H.R. 5443 & S. 3220 - Ensuring Access to Direct Support Professionals Act -
To amend title XIX of the Social Security Act to clarify that the provision of home and community-based services is not prohibited in an acute care hospital, and for other purposes.

H.R. 2417 - The HEADs UP Act - To amend the Public Health Service Act to expand and improve health care services by health centers and the National Health Service Corps for individuals with a developmental disability as a Medically Underserved Population (MUP).

H.R. 1379 & S. 560 - Ensuring Lasting Smiles Act - To require that group and individual health insurance coverage and group health plans provide coverage for treatment of a congenital anomaly or birth defect. (i.e. Cleft palate, ectodermal dysplasia, etc.)

TELEHEALTH:

During the COVID-19 Pandemic, Health Care Providers have been relying increasingly on Telehealth Services. Members of Congress have proposed a number of bills to learn more about telehealth services, with a possible eye toward expanding these services into our broader system of health care.

VOR has been following the expansion of telehealth, especially how incorporating these services into treatment of people with I/DD might change our delivery systems. Telehealth has the potential to improve care for some people with poor access to professional care, or it could be used as a less-expensive substitute for in-person treatment and quality professional care.

Current Telehealth bills in the 116th Congress include:

H.R. 6474 - Healthcare Broadband Expansion During COVID-19 Act - To provide for the expansion of the Rural Health Care Program of the Federal Communications Commission in response to COVID–19, and for other purposes.

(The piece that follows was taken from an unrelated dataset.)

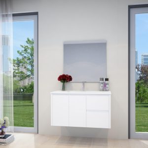 ארון אמבטיה תלוי דגם MATEO עם בוצ'ר כולל מראה עגולה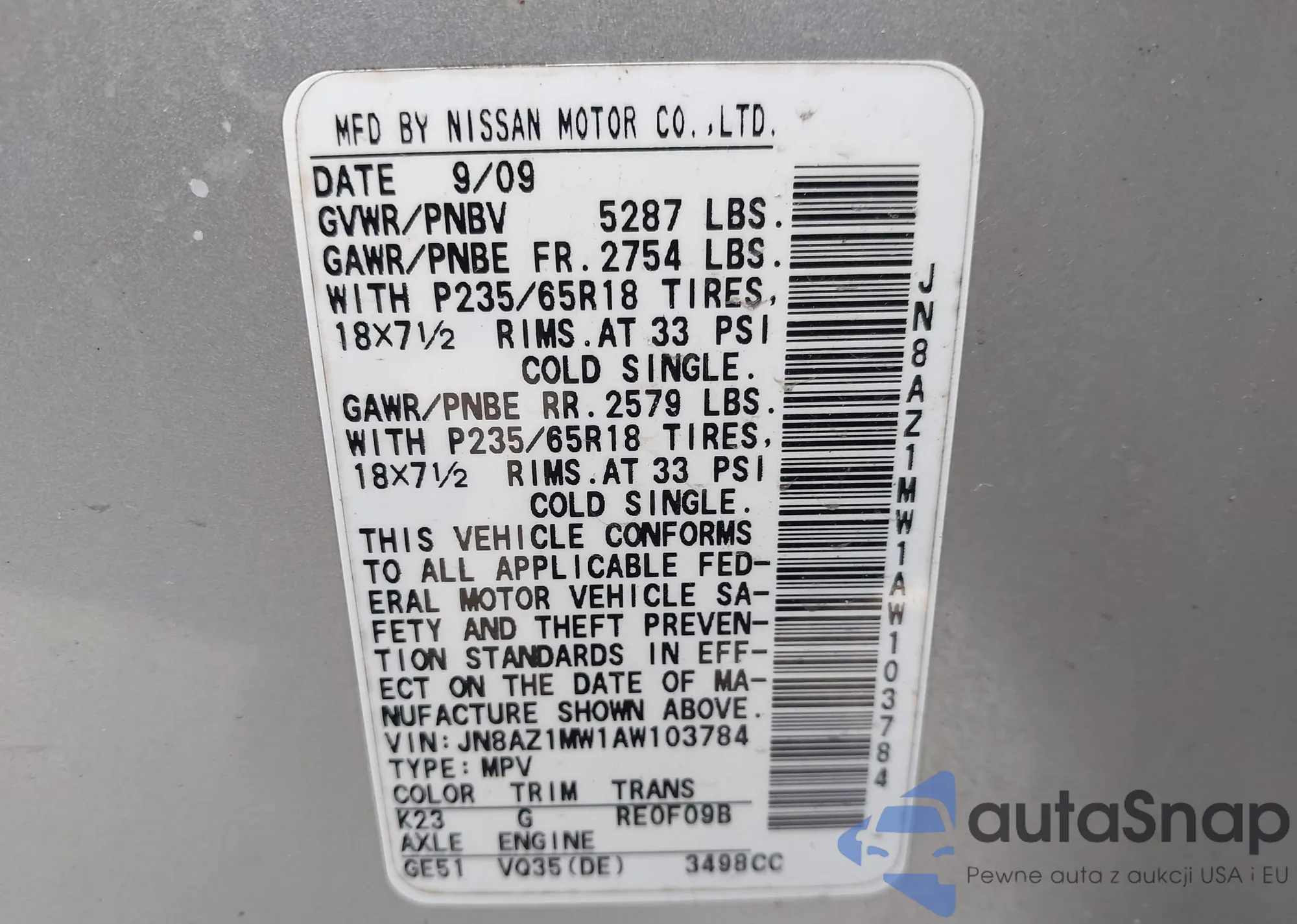 • VIN JN8AZ1MW9DW322819

H.R. 7078 - To study the effects of changes to telehealth under the Medicare and Medicaid programs during the COVID-19 emergency.

S. 3999 - A bill to amend title XVIII of the Social Security Act to simplify payments for telehealth services furnished by Federally qualified health centers or rural health clinics under the Medicare program, and for other purposes.

S. 3999 - A bill to amend title XVIII of the Social Security Act to ensure access to mental health and behavioral health services furnished through telehealth under the Medicare program.